I. ) Surface Water Hydrology Understanding the dynamics of flow in surface water systems (rivers, canals, streams, lakes, ponds, wetlands, marshes, arroyos, etc.). This includes the field measurement of flow and water levels, the relationships between these two variables, the statistical variability at each setting, and then development of the levels of risk. Examples include base flow needs for instream flow, drought susceptibility, and flood levels.
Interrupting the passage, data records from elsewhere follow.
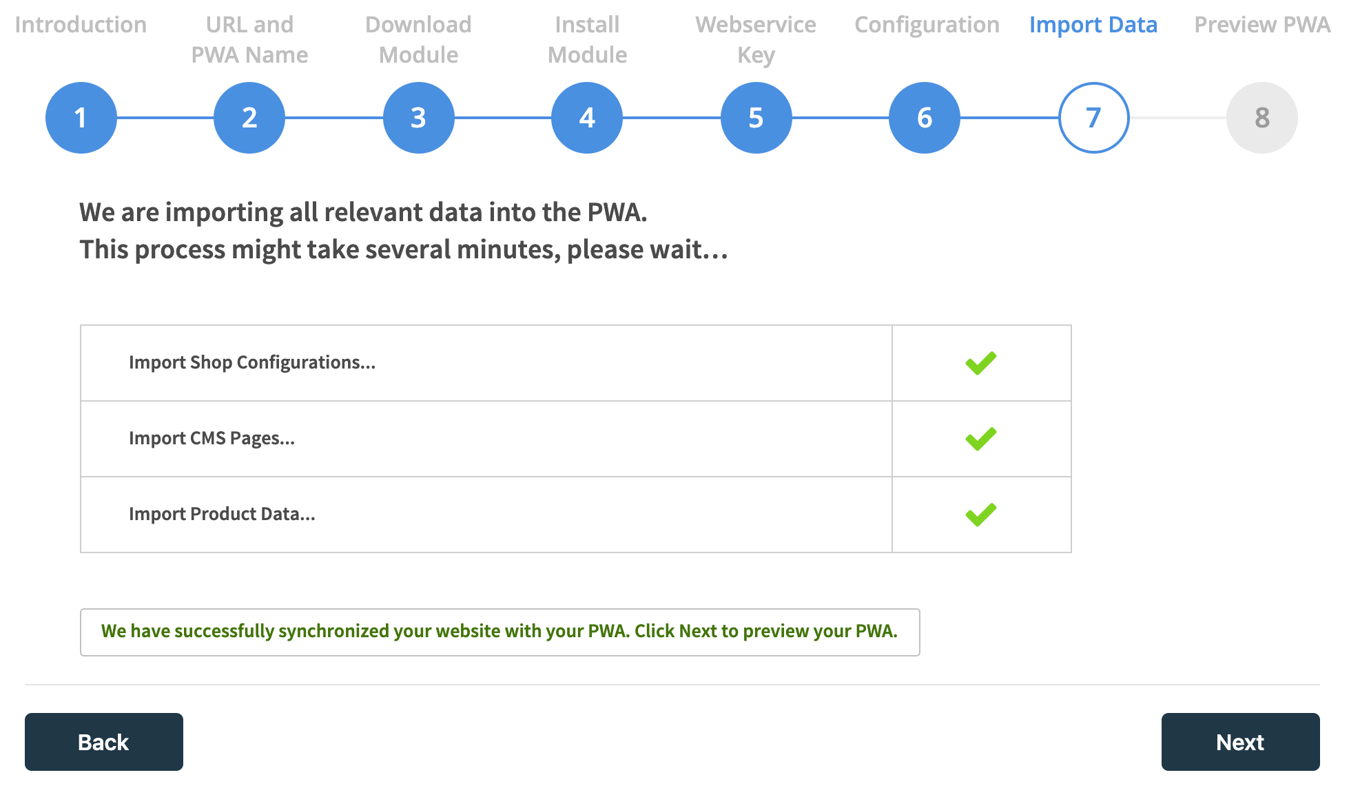 All relevant PWA data such as category list, pricing rules, discount rules, VAT rules, logistics, and payments, are imported into your PWA.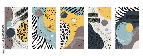 Vektorová sada abstraktní zvířecí kůže pozadí pro sociální média příběhy designu, nástěnné dekorace vzor, moderní plakát, tisky. Leopard, zebra, tygr abstraktní pozadí ilustrace.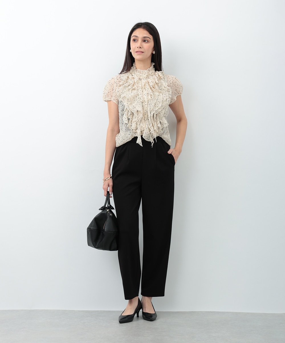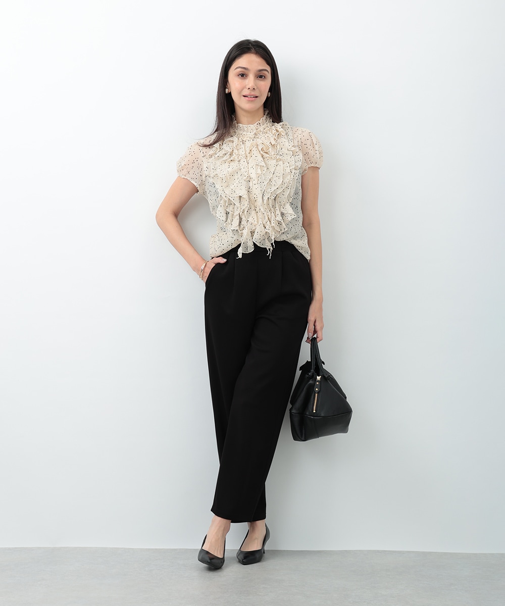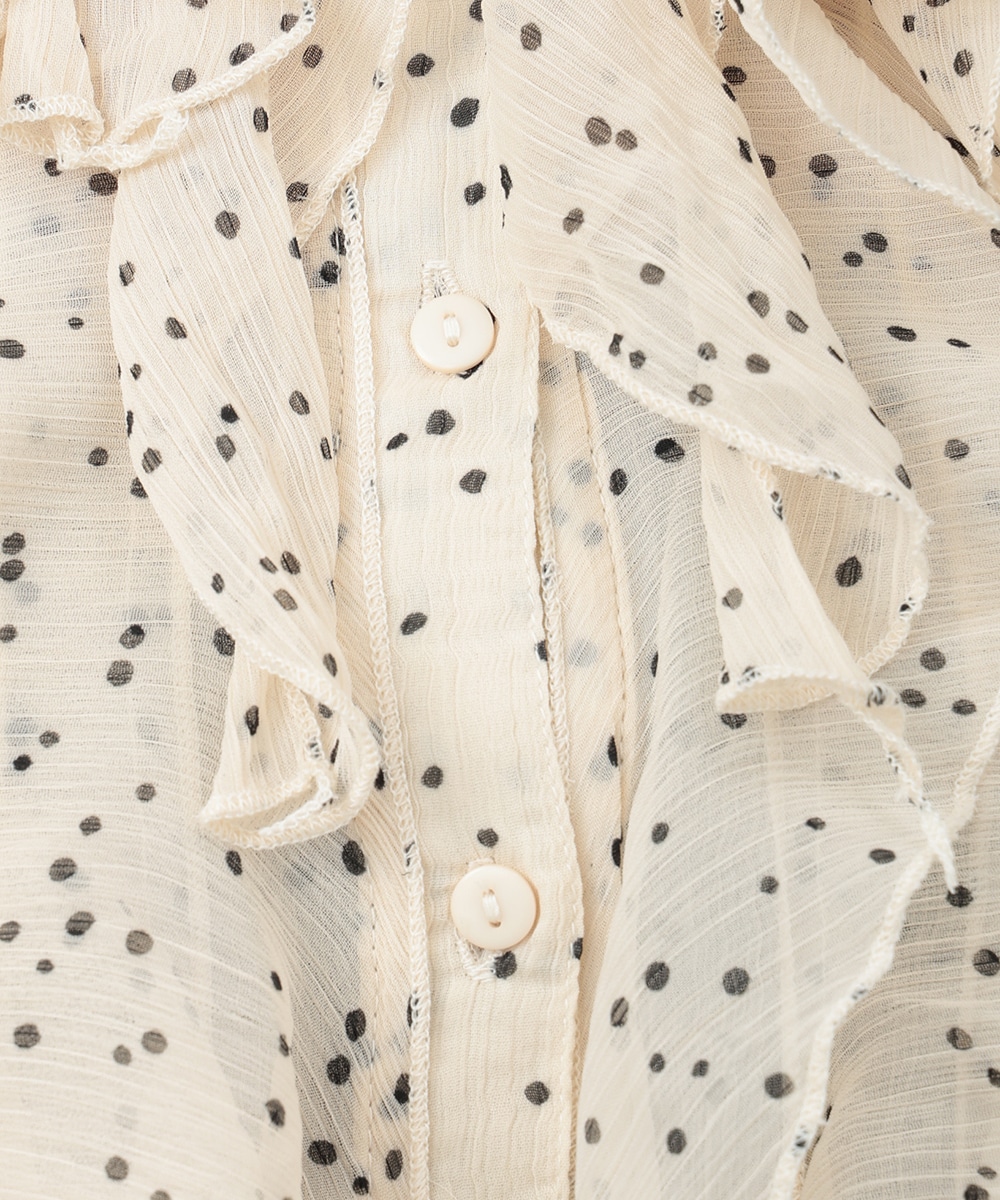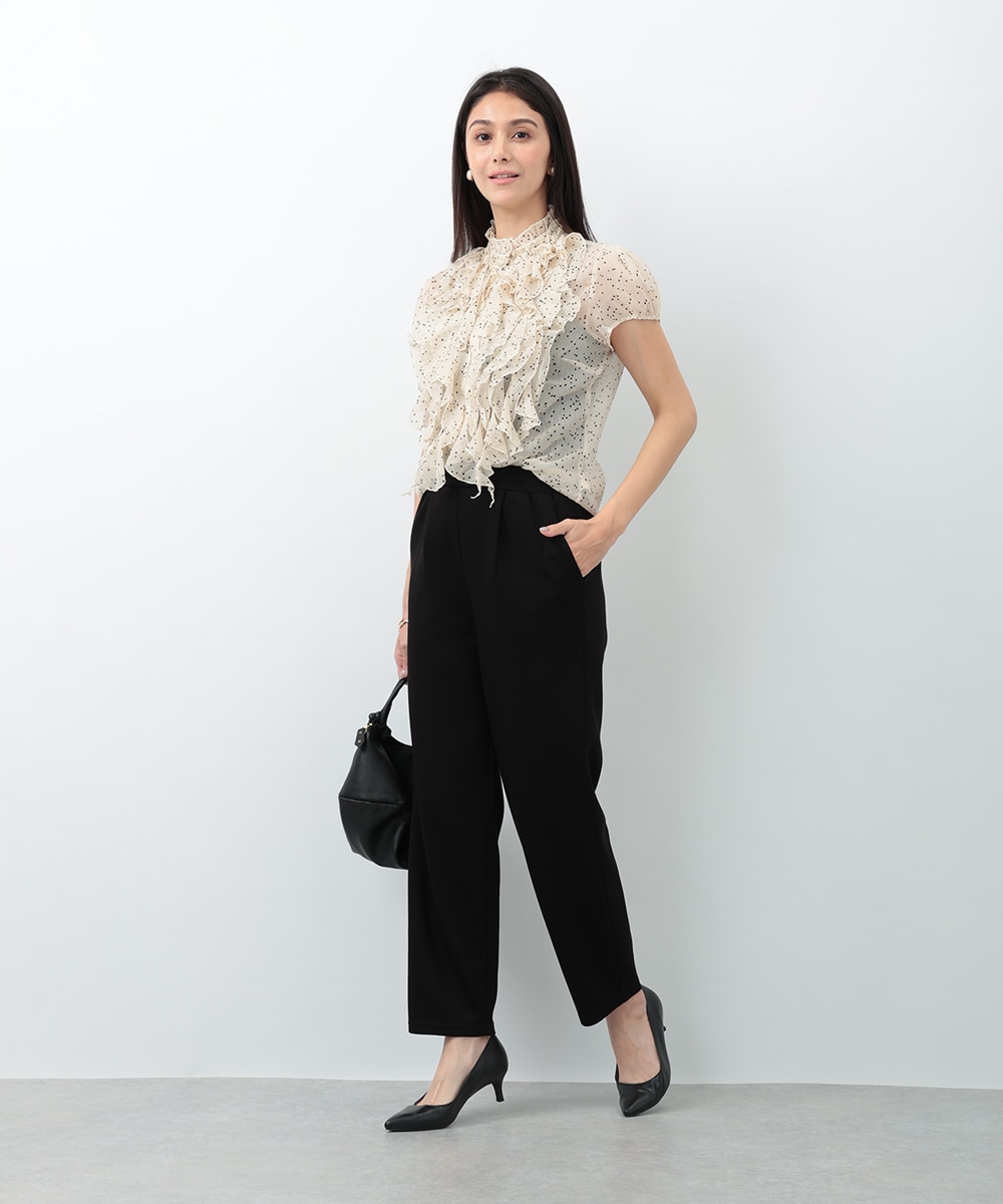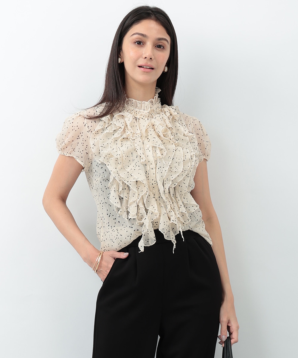 繊細なドット柄とラッフルフリルが印象的なブラウス。立体的に重なったフリルデザインが顔まわりを華やかに見せ、女性らしい雰囲気を引き立てます。軽やかな素材感で着心地もよく、上品な透け感がやわらかい印象をプラス。パンツでクリーンに、スカートで華やかにも合わせやすく、幅広いシーンで活躍する一着です。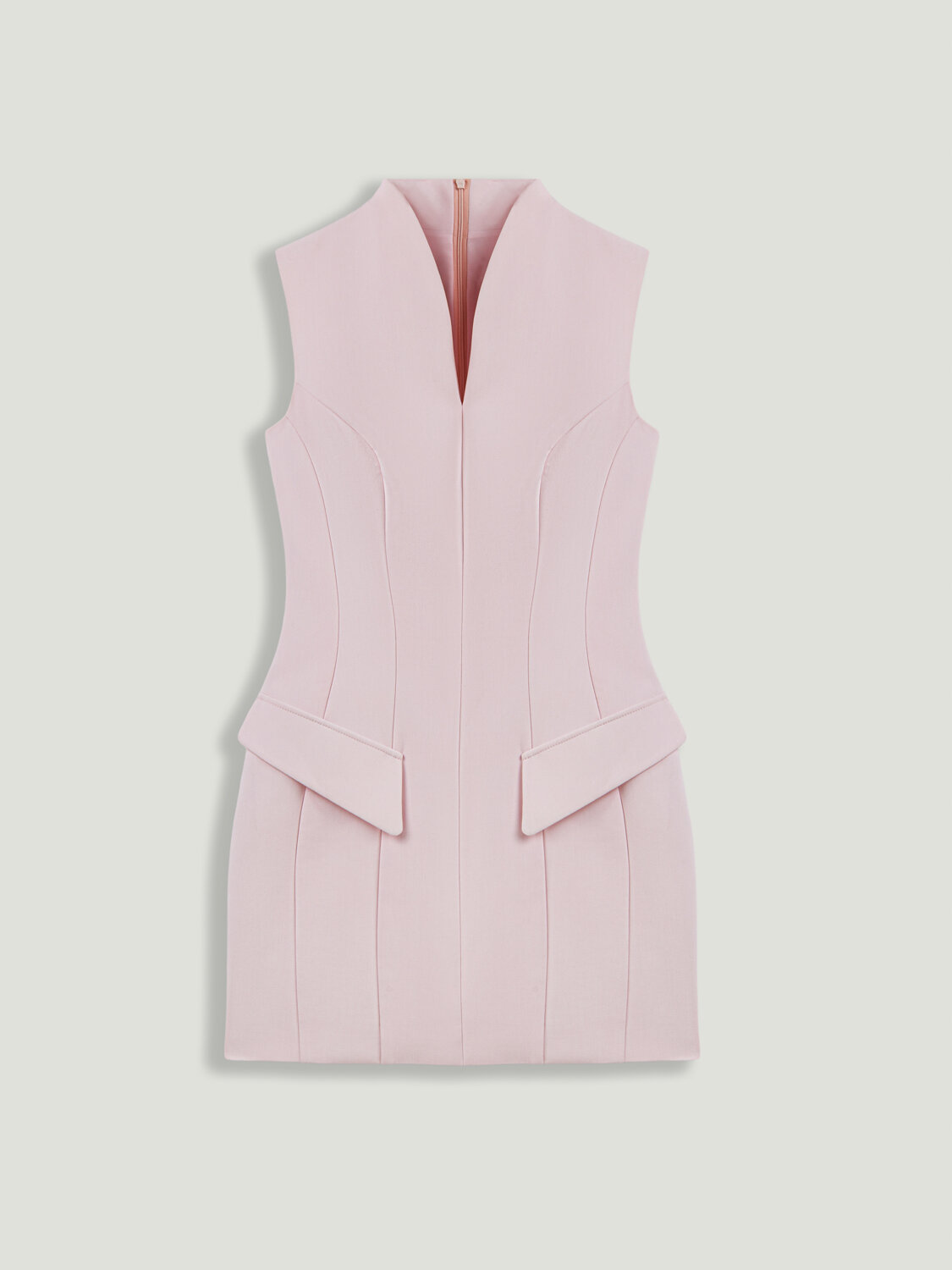 Zarif ve modern çizgileri bir araya getiren bu mini elbise, slim fit kesimiyle feminen bir siluet sunar. Hakim yaka tasarımı elbiseye sofistike bir duruş kazandırırken, kolsuz formu ve cep detayları tasarıma şehirli bir hava katar. İnce gizli fermuar kapamasıyla sade bir görünüm sunan bu parça, gündüzden akşam stiline kolayca uyum sağlayan şık bir alternatif oluşturur.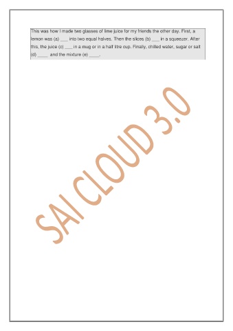 this, the juice (c) ___ in a mug or in a half litre cup. Finally, chilled water, sugar or salt
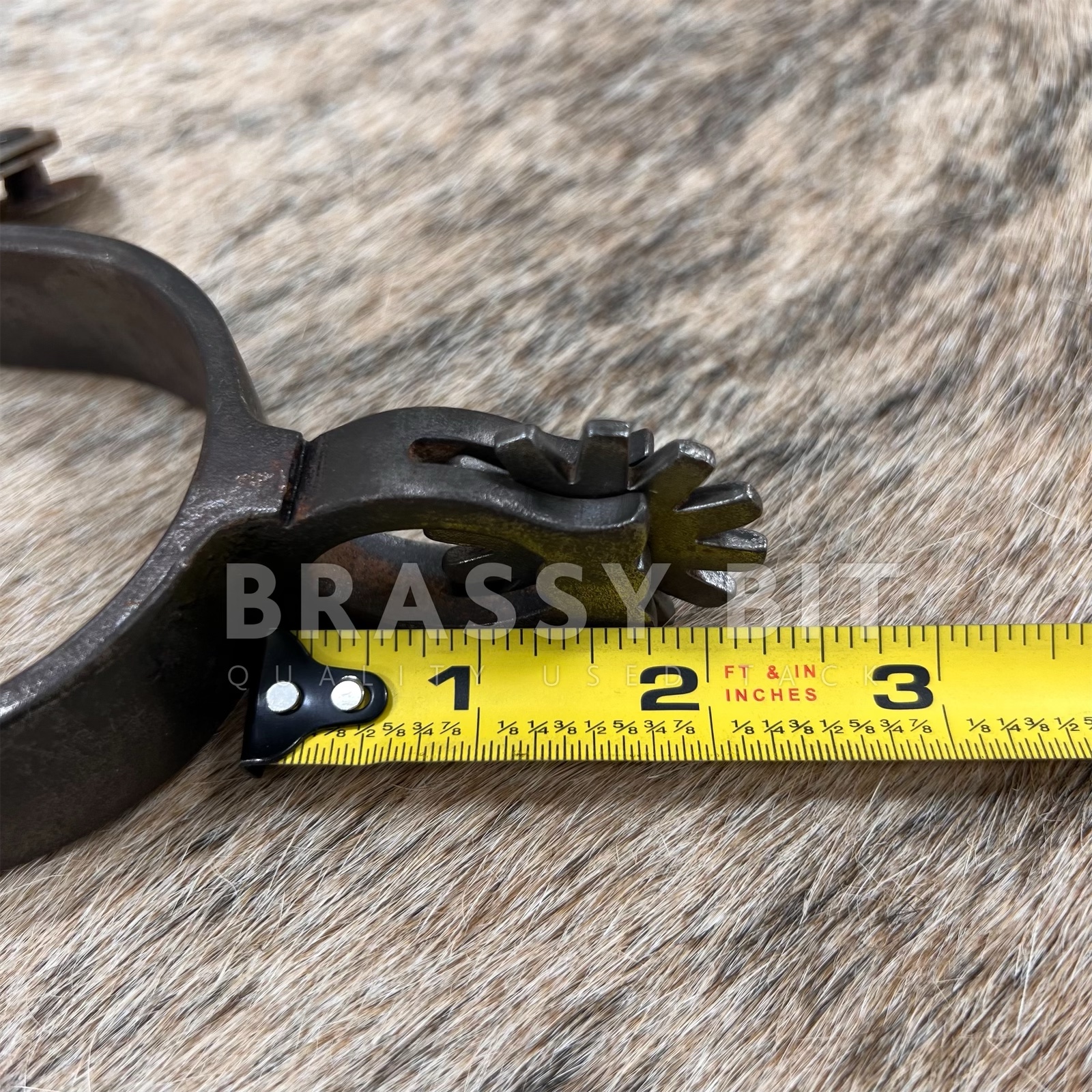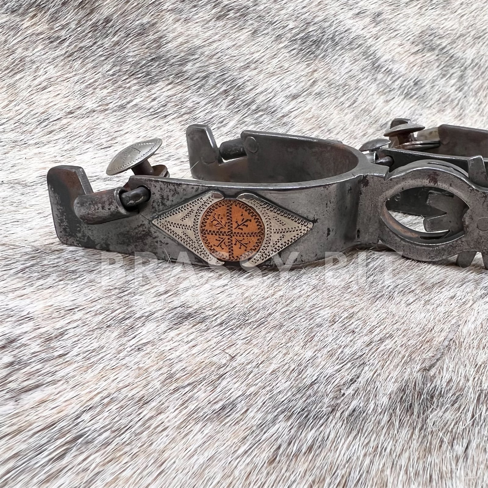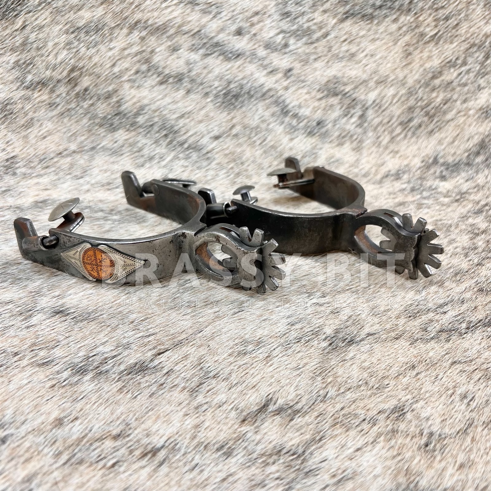 These are a nice set of spurs, from the incredible bit and spur maker Ned Martin. Ned and Jody Martin have become some of the most respected modern spur makers with an incredible following and even more incredible skill. Just take a look at the spur necks on these ones! These single mounted western spurs are in excellent, hardly used condition. Marked NM 719, these are blackened steel with a great design on the outside with copper accents. There is even silver on the buttons. Larger rowels with 12 points. Measures 3 1/4″ inside heel width, 3 1/2″ long from inside to edge of spur, 2 3/8″ neck as measured from the end of the rowel to the inside of the spur. Have a great weight to them. Very attractive, a great classic look, and ready to use or add to a collection.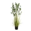 Set targeted green accents with the artificial evergreen shrub from Europalms.In the twinkling of an eye, you can create a pleasant atmosphere even in simply furnished office and living rooms.The branches of the evergreen spindle shrub protrude from a light green grass bush, whose PE leaves, graduated in length, already fall into shape by themselves when placed. The varying shades of green between the grass and the leaves of the shrub gives the plant a simple elegance and balanced appearance.The arrangement has a total height of about 182 cm and comes in a black gardener’s pot, which gives the plant a stable stand when placed in a planter. A deceptively realistic cover with artificial moss completes the lifelike appearance.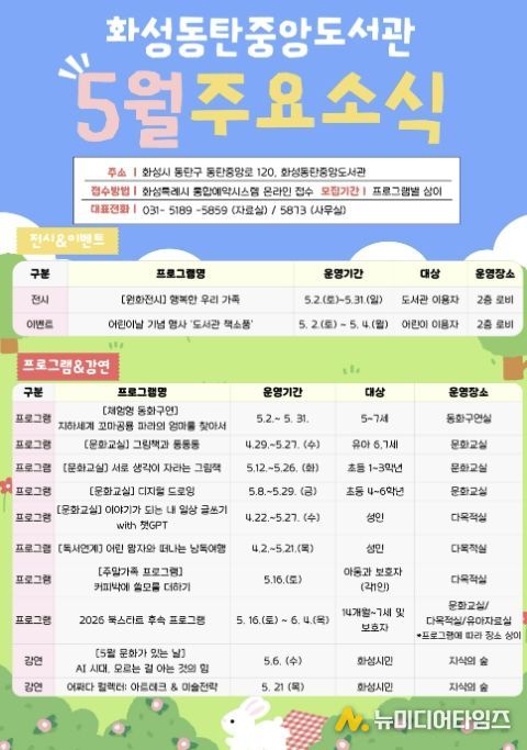 이번 행사는 화성동탄중앙도서관 개관 이후 처음 맞는 어린이날과 가정의 달을 기념해 마련됐다. 5월 2일부터 4일까지는 어린이날 기념 행사 ‘화성동탄중앙도서관 책소풍’을 운영하고, 5월 한 달 동안은 가족 친화형 체험·전시·독서문화 프로그램을 중심으로 다채로운 행사를 이어갈 예정이다.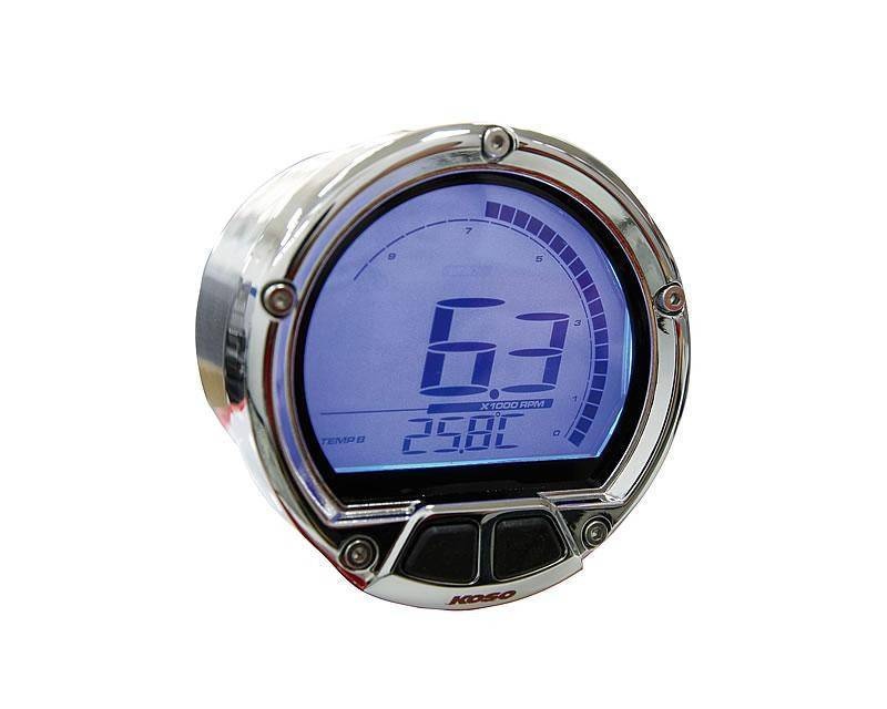 Ce compteur affiche jusqu'à 20.000 tours/minutes et possède un thermomètre intégré. Fonctionne très bien en combinaison avec l'indicateur de vitesse 55 mm.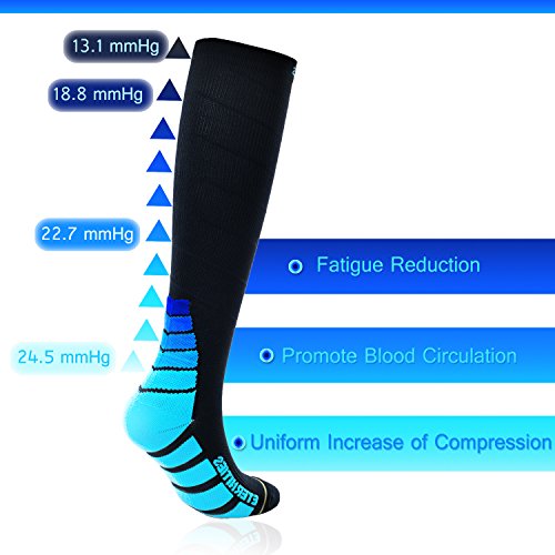 - GRADIENT COMPRESSION TECHNOLOGY - Eternities men’s and women’s compression socks achieves True 20-30 mmHg Medical Grade Graduated Compression to support your foot, heel, arch, ankle, and calf. Our professional stockings enhance blood circulation, ensure faster restore, relief of fatigue, soreness, varicose veins, swelling, edema, cramping or muscle soreness issues.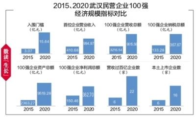 2015年,只要上年度營業收入達到3.07億元,就能進入武漢民營企業100強。到了2020年,這個門檻抬升到15.64億元,是5年前的5倍多。8月31日,“2020武漢民營企業100強、民營制造業企業50強”排序榜正式發布。武漢民營經濟向上生長的動力十足。
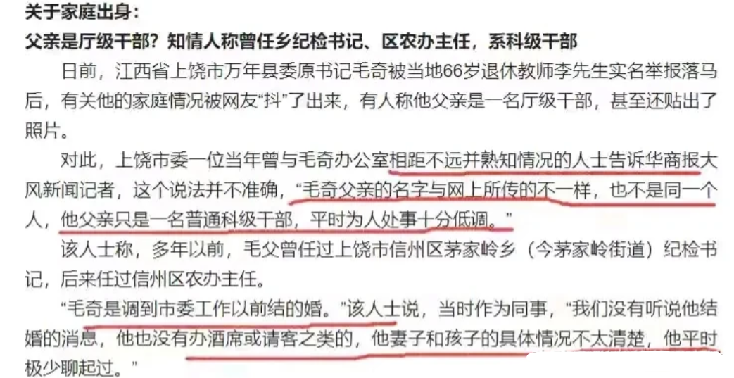 该人士称,多年以前,毛父曾任过上饶市信州区茅家岭乡(今茅家岭街道)纪检书记,后来任过信州区农办主任。
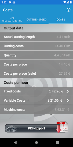 A machine-hour cost assessment can be generated in Area 3. In the input area, the material and contour-specific features, as well as the necessary fixed and variable costs are recorded. Based on the data entered, the cutting costs per meter, unit costs and the costs per machine hour are determined.

Salt Marsh Hydrology and Effects of Constructed Drainage Features As communities encroached on wetlands and marshes in coastal regions, the roads, paths, and railways cutoff or restricted hydraulic access to the ocean. Often the small culverts installed under the transportation routes would allow salt marshes to drain to the ocean, but severely inhibit the return flow of salt water back to the marsh. This then dramatically changed the salt marsh plant communities by allowing freshwater species to invade the margins, and ultimately change the entire marsh ecosystem. Numerous coastal structures (from bridges to culverts) have been studied and modeled in order to assess their effect on natural systems. Then we designed replacement structures that could yield improved performance. The most recent example is the new Scammel Bridge over the Bellamy River in Dover, NH. {visuals from Scammel, Bass Beach, Exeter Industrial Park, Johnson/Bunker Creek studies}

Optimization of Flood Control Strategies As populations increase and continue to encroach on riverine systems, the potential for losses (property and life) due to floods only increases. This is particularly true downstream of dams and lakes in which the public believes that they are afforded increased flood protection. Many older dams and reservoirs, originally constructed for water supply purposes, are now faced with increased expectations (for example recreation, low flow control, and flood control). This means that the operation and regulation of these facilities becomes more important and unfortunately more difficult. To study these issues, we delineate: the watershed runoff characteristics (often with GIS and computer runoff models), the reservoir storage characteristics, the outlet hydraulic characteristics, and the expectations of users. These are all then optimized (also with computer models) to try to maximize all benefits and minimize losses. The results are often a suite of solutions, since not all losses and benefits can be put in monetary terms (for example loss of life, loss of habitat, etc.). {visuals from Ossipee and Winnipesaukee studies}

II.) Ground Water Hydrology About half of the water used regionally is derived from ground water sources. Most human-related surface activities (paving, farming, lawn care, etc.) tend to impair ground water quality. Therefore it is incumbent that we understand our ground water resources in order to properly manage our valuable ground water supplies (current and future).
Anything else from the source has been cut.